Максим Ююкин - Иван Калита
1
В один из дней бабьего лета все жители села Горнчарова — от ветхих старцев, едва способных передвигать ноги, до младенцев, самозабвенно спящих на руках у матерей, — празднично разодетые, собрались на только что сжатом поле, посреди которого одинокой прядью желтела единственная не тронутая серпом полоска ржи — Ильина бородка, как называли ее крестьяне. Из года в год свято соблюдался этот дедовский обычай — по завершении жатвы вознести хвалу богу и Илье-пророку за собранный урожай и смиренно попросить, чтобы и в следующем году клети и овины не остались пустыми. И чем неурожайнее был год, чем скуднее наполнялись закрома, тем горячее была благодарность за избавление от голодной смерти и страстнее мольбы, исполненные робкой надежды и затаенной тревоги.
В отработанном до мелочей ритуале дожинок каждый знал свое место. Когда крестьяне с торжественными лицами, еще хранившими на себе следы недавней нелегкой страды и в то же время излучавшими радостное удовлетворение от успешно завершенного дела, расположились полукругом возле Ильиной бородки, староста — благообразный старик с глубокой складкой между выпуклыми наполовину оголенными белесыми бровями — вышел вперед и, воздев длинные руки к небу, заговорил с такой страстью, что многим из присутствующих стало не по себе:
— Отче наш небесный! Благодарим тебя за то, что и летось не оставил ты нас своею милостью и даровал нам хлеб наш насущный. Слава тебе ныне и присно и во веки веков! Аминь.

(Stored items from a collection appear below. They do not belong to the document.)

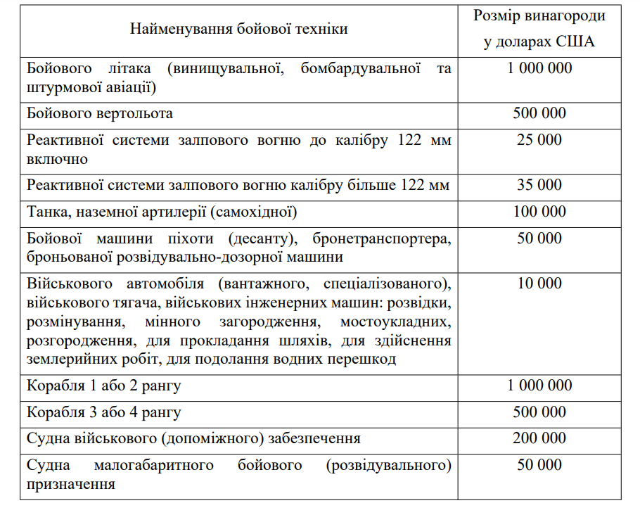 За добровільно передану ЗСУ придатну для застосування бойову техніку агресора передбачені наступні грошові нагороди:
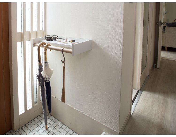 【ご使用の際のご注意】・パイプ、シェルフそれぞれに10kg以上の荷重をかけないでください。 製品や壁面の破損原因になります。 ・パイプには絶対にぶら下がらないでください。製品破損やケガの原因になります。 ・下から強い衝撃を与えないでください。本体がブラケットから外れて、落下する恐れがあります。 ・分解・修理・改造は行わないでください。
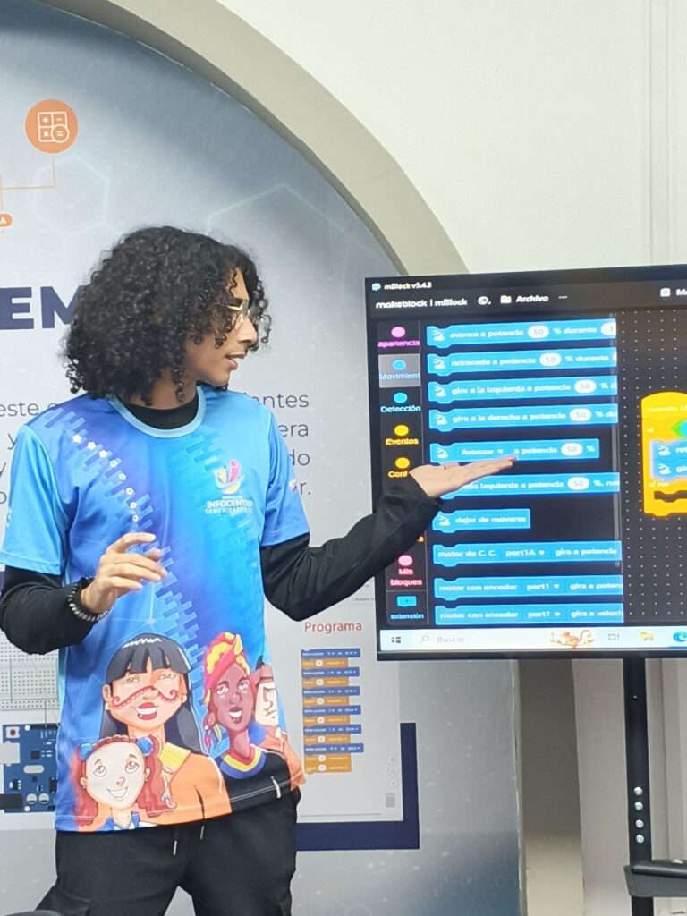 Durante la jornada, los participantes realizaron prácticas de programación en MBlock, aplicando variables, condicionales y lógica para que sus robots interactuaran con el entorno. Culminando la actividad con un examen que evaluó todos los conocimientos adquiridos a lo largo del curso.
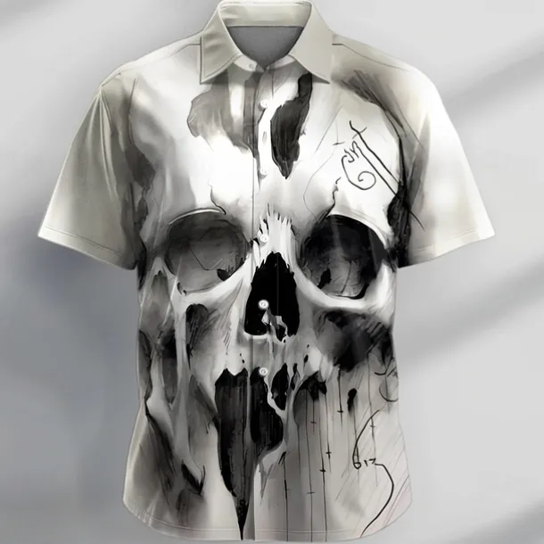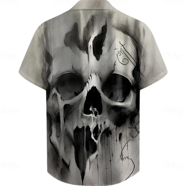 Men’s Skull Halloween Costumes Shirt Short Sleeve Casual Dark Party Daily Holiday Summer Turndown Buttons Print Gray
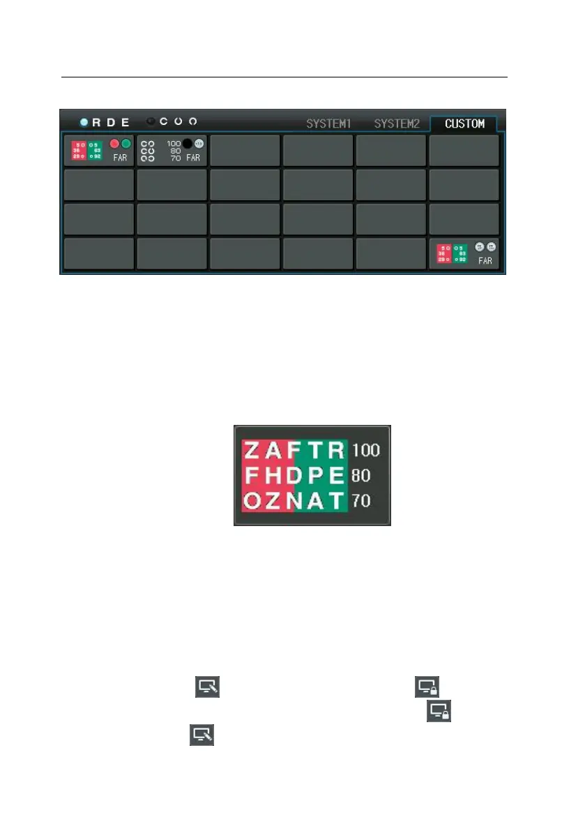 Sets red/green filter on a presented visual acuity chart. Pressing the bu

С этими словами староста трижды широко, точно бросая в землю семена, перекрестился и отвесил земной поклон. Остальные, нестройным хором повторяя «аминь», последовали его примеру.
— Ну, хозяюшка, теперь твой черед, — с улыбкой обратился староста к жене, круглолицей, улыбчивой, моложавой женщине, державшей себя, несмотря на приметное положение мужа, как обычная крестьянка.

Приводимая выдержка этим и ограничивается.